== Try it ==
Type out the listing below exactly. Pictures stay out of it.

== Information provided ==

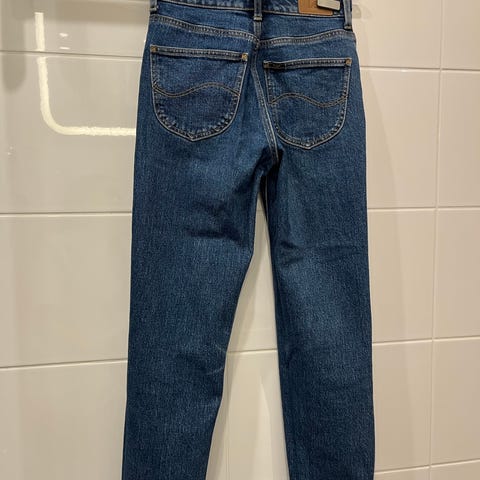 Naisten siniset Lee farkut, koko W24 L31. Molemmissa lahkeensuissa lyhyehkö vetoketju.
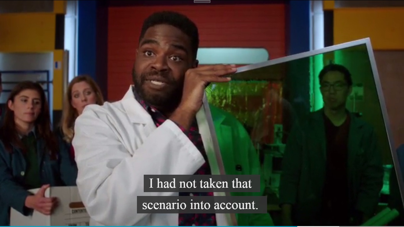 Scenario (n.): เหตุการณ์ หรือสถานการณ์ที่อาจเกิดขึ้น (หลายคนอาจเคยได้ยินคำว่า worst-case scenario ซึ่งแปลว่า สถานการณ์ที่เลวร้ายที่สุดที่อาจเกิดขึ้น ซึ่งเป็นความหมายเดียวกันที่ใช้ในที่นี้ด้วยคำ ปกติเราคุ้นกับคำว่า บทภาพบนต์ ใช่มั้ยล้าา) /
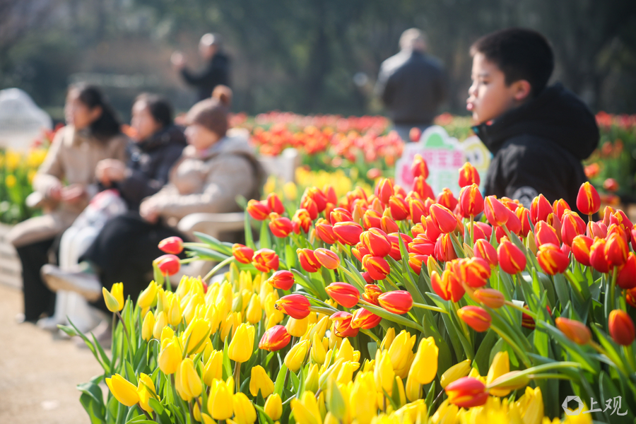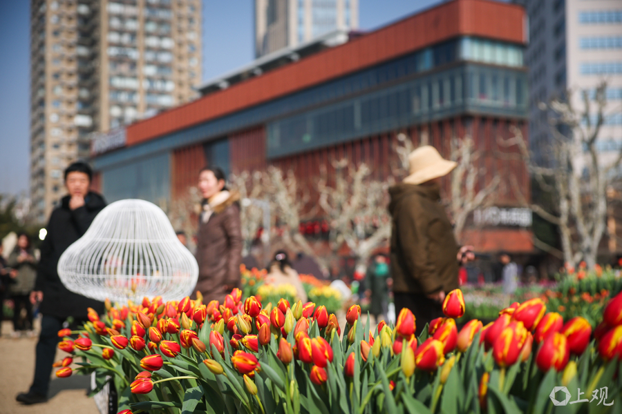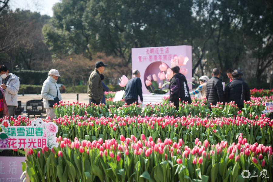 市中心最大的年宵花市分为两个片区,一处在复兴公园,600平方米的郁金香花园——“光明花园”,吸引了不少休闲的市民游客。他们在花丛前拍照,在花间的长椅上晒太阳,享受着美好。

== Response for this exercise ==
 Naisten siniset Lee farkut, koko W24 L31. Molemmissa lahkeensuissa lyhyehkö vetoketju.
 Scenario (n.): เหตุการณ์ หรือสถานการณ์ที่อาจเกิดขึ้น (หลายคนอาจเคยได้ยินคำว่า worst-case scenario ซึ่งแปลว่า สถานการณ์ที่เลวร้ายที่สุดที่อาจเกิดขึ้น ซึ่งเป็นความหมายเดียวกันที่ใช้ในที่นี้ด้วยคำ ปกติเราคุ้นกับคำว่า บทภาพบนต์ ใช่มั้ยล้าา) /
 市中心最大的年宵花市分为两个片区,一处在复兴公园,600平方米的郁金香花园——“光明花园”,吸引了不少休闲的市民游客。他们在花丛前拍照,在花间的长椅上晒太阳,享受着美好。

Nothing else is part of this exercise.